• Your assignment
Restate exactly, and only, the lines from the one with "Collar con Colgante" through the end of the data, with both of those end lines kept. Drop any pictures.

*** Supplied entries ***

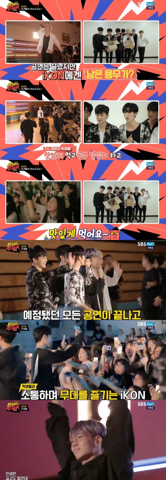 학생들은 앙코르를 외쳤고, 이 분위기를 몰아 아이콘은 앙코르까지 모두 완창, 뿐만 아니라 예정된 약속대로 아이스크림 선물공약까지 지키며 역대급 팬서비스로 '스쿨어택'했다.
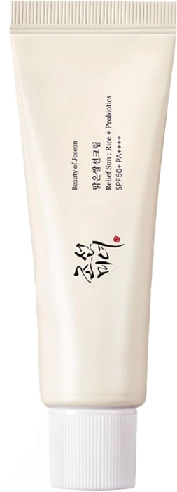 El Protector Solar Relief Sun Rice Probiotics SPF50 de Beauty of Joseon es un producto vegano que ofrece protección solar con un factor de protección solar de 50 PA. Su fórmula incluye un 30% de extracto de arroz y extractos fermentados de cereales, que aportan hidratación y nutrición a la piel. Presenta una textura de crema ligera que se absorbe fácilmente, dejando un acabado húmedo similar al de una crema hidratante, sin dejar rastro blanco. Los extractos fermentados son ricos en vitaminas B, C y E, así como en aminoácidos y minerales, contribuyendo a calmar y nutrir la piel seca. Además de la protección solar, ayuda a mantener la luminosidad y tiene propiedades reafirmantes. Se recomienda aplicar diariamente como último paso de la rutina de cuidado de la piel.
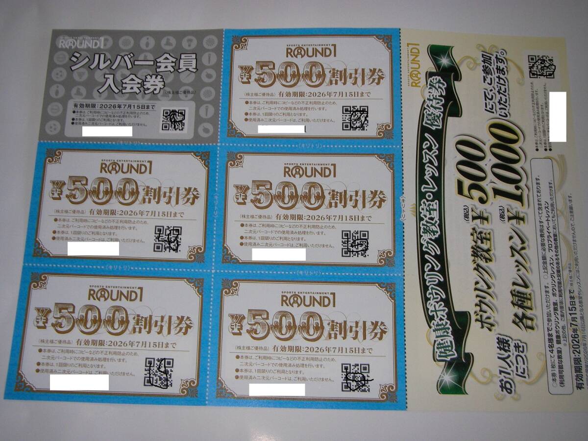 ★ラウンドワン 株主優待券2,500円分 クラブ会員入会券1枚 ボウリング教室 レッスン優待券1枚 有効期限:2026年7月15日★
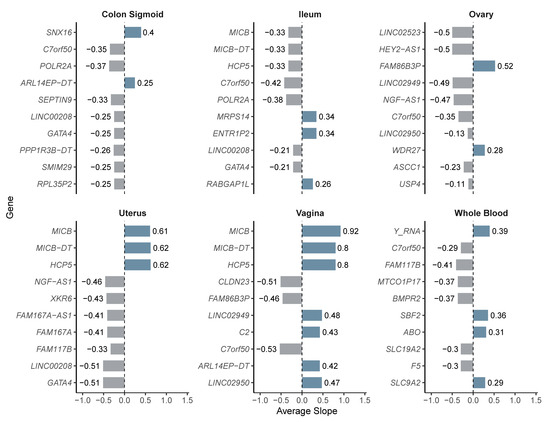 Next, we calculated the average slope values per gene and tissue to identify those with the strongest regulatory effects. In the vagina, MICB, MICB-DT, and HCP5 had the highest slope values (≥0.8), regulated by variants rs2534685, rs2534687, and rs2894221, respectively. In the uterus, these same genes showed slopes around 0.62, while GATA4 and LINC00208, regulated by rs13248109, rs13250871, and rs4840573, displayed more pronounced negative effects (slope ≈ −0.51).
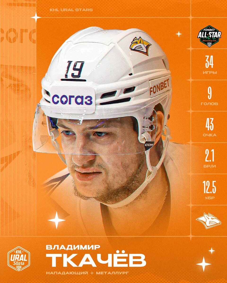 🦊 Екатеринбуржский Фонбет Матч Звёзд КХЛ не обойдётся без мастерства лучшего бомбардира лиги Владимира Ткачёва! 7 и 8 февраля нападающий «Металлурга» проведёт свой четвёртый по счёту звёздный уикэнд в составе команды KHL Ural Stars. ⭐️ Билеты на #KHLAllStar
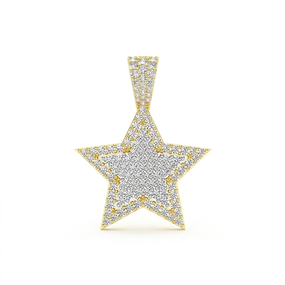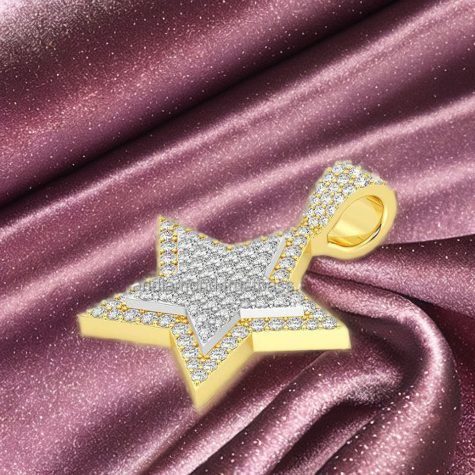 Collar con Colgante de Estrella de Cinco Puntas de Dos Capas en Oro Sólido de 10K con Diamante Cultivado en Laboratorio, Moderno y Personalizado, para Unisex, Regalo de Cumpleaños/Aniversario
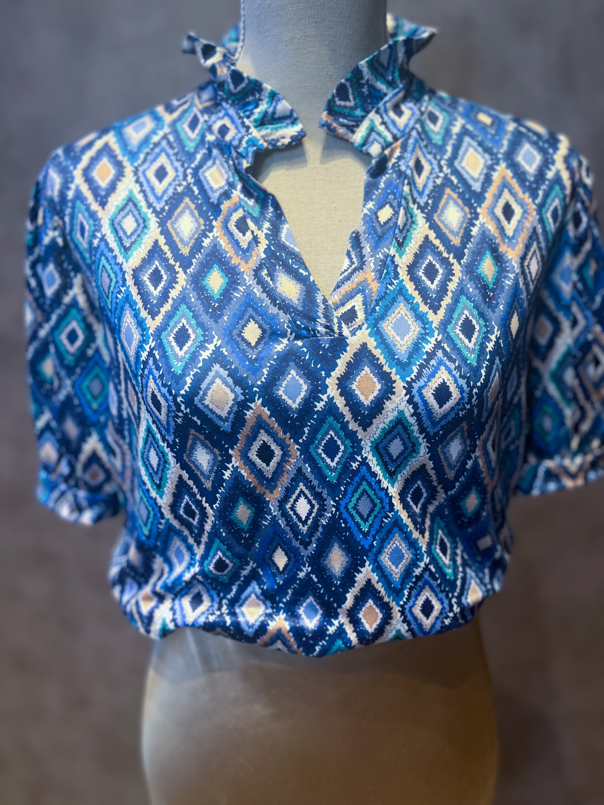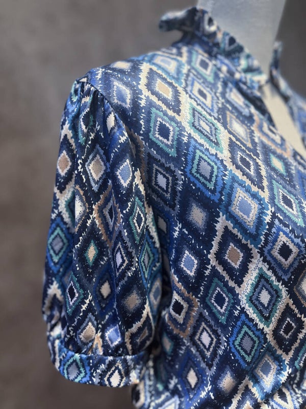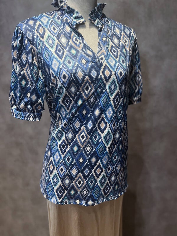 Leuk shirt korte mouw , met een mooie print.De stof voelt heerlijk zacht aan.Materiaal:60% Polyamide30% Viscose10% Elastane
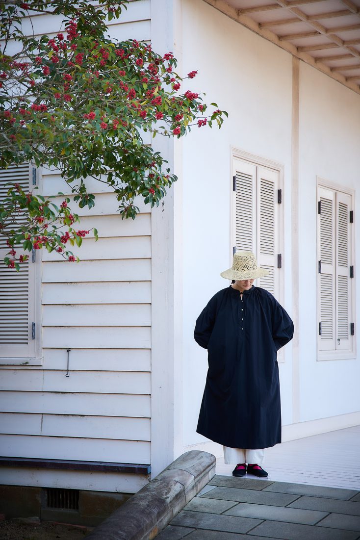 アンティークのスモックドレスをイメージしたワンピース。リボン付きのスタンドカラーとボタンが特徴で、前を開けて羽織ることも可能。高密度タイプライター生地を丁寧にもみほぐし、やわらかくナチュラルな風合いに。両サイドにポケット付き。重ね着も楽しめます。27,500円
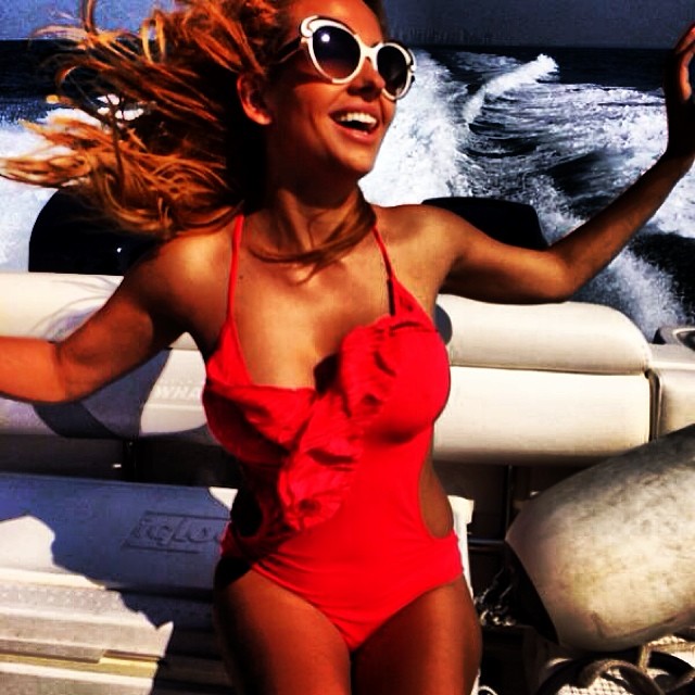 Blonda a publicat o poză pe contul de Instagram în care se află în largul mării cu iubitul ei. Rodica apare într-un costum de baie roşu şi este foarte, foarte bronzată, semn că fosta asistentă TV stă toată ziua pe plajă.
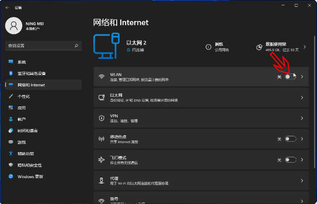 3、接着参照上面的步骤进入系统设置,点击网络和internet,开启WLAN旁边的开关,打开无线网络连接。
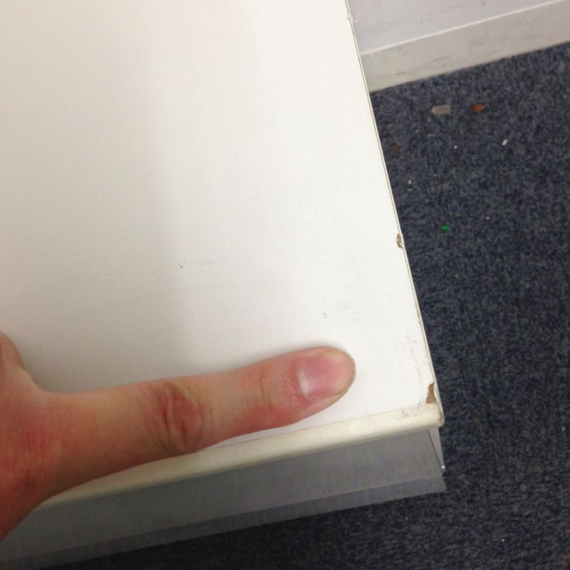 - あり黄ばみ・変色が広い範囲にうっすらある、または濃い黄ばみ・変色が一部ある。(例、天板、正面、背部、サイド部分にある。)

*** End of Supplied entries ***

• Result below
 Collar con Colgante de Estrella de Cinco Puntas de Dos Capas en Oro Sólido de 10K con Diamante Cultivado en Laboratorio, Moderno y Personalizado, para Unisex, Regalo de Cumpleaños/Aniversario
 Leuk shirt korte mouw , met een mooie print.De stof voelt heerlijk zacht aan.Materiaal:60% Polyamide30% Viscose10% Elastane
 アンティークのスモックドレスをイメージしたワンピース。リボン付きのスタンドカラーとボタンが特徴で、前を開けて羽織ることも可能。高密度タイプライター生地を丁寧にもみほぐし、やわらかくナチュラルな風合いに。両サイドにポケット付き。重ね着も楽しめます。27,500円
 Blonda a publicat o poză pe contul de Instagram în care se află în largul mării cu iubitul ei. Rodica apare într-un costum de baie roşu şi este foarte, foarte bronzată, semn că fosta asistentă TV stă toată ziua pe plajă.
 3、接着参照上面的步骤进入系统设置,点击网络和internet,开启WLAN旁边的开关,打开无线网络连接。
 - あり黄ばみ・変色が広い範囲にうっすらある、または濃い黄ばみ・変色が一部ある。(例、天板、正面、背部、サイド部分にある。)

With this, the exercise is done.